New report shows legislative proposals could hurt cattle industry
October 6, 2021 By Kellan Heavican Filed Under: Ag economy, Ag Policy, Ag Regulations, Agriculture, Beef, Cattle, Congress, Economy, House Ag Committee, News, supply chain, USDA
The North American Meat Institute says a new report finds that government intervention in the cattle industry will cost livestock producers billions of dollars.
NAMI says one key finding in the 180-page study shows that mandated minimum negotiated cash trade would have a one-year, negative impact of $2.5 billion and $16 billion over a decade.

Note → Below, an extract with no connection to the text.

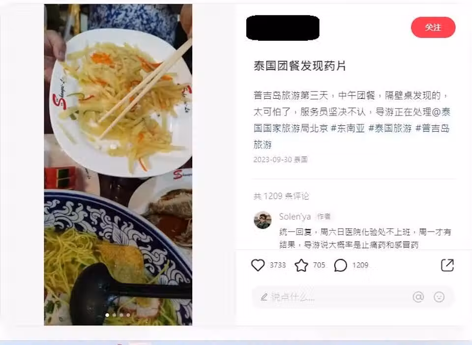 近日,更有中國網民在社交平台上發文,指日前跟團去泰國普吉玩,用膳時隨碟附送了兩粒藥丸,網民擔心是KK園區新招擄人方法,事件及相片在網絡上瘋傳。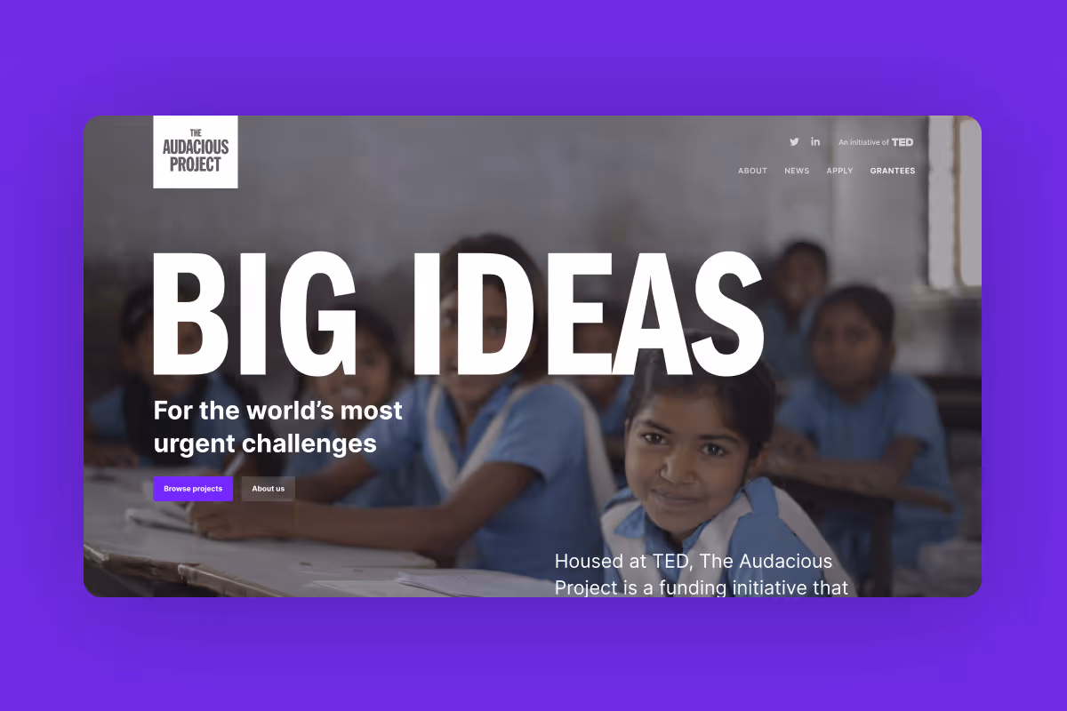 Housed at TED, The Audacious Project is a funding initiative that encourages the world’s greatest changemakers to dream bigger. They shape their ideas into viable multi-year plans and launch them to the world alongside visionary philanthropists. Whiteboard had the honor of design and developing The Audacious Project new website. audaciousproject.org

The report called “The U.S. Beef Supply Chain: Issues and Challenges,” is the result of a collaboration with Texas A&M’s Agricultural and Food Policy Center, national experts and the U.S. Department of Agriculture. It covers meat packing concentration, fed cattle pricing and capacity concerns.
The authors of the report say they urge “extreme caution” when considering changes to a system that has “rewarded high-quality beef production” while acknowledging regional differences.
Meat Institute President and CEO Julie Anna Potts says the analysis reflects that supply and demand have the most influence on the price of cattle and goods for consumers. She says legislative proposals will have unintended consequences on producers.
Thursday the House Agriculture Committee will hold the fourth Congressional hearing on beef and cattle markets.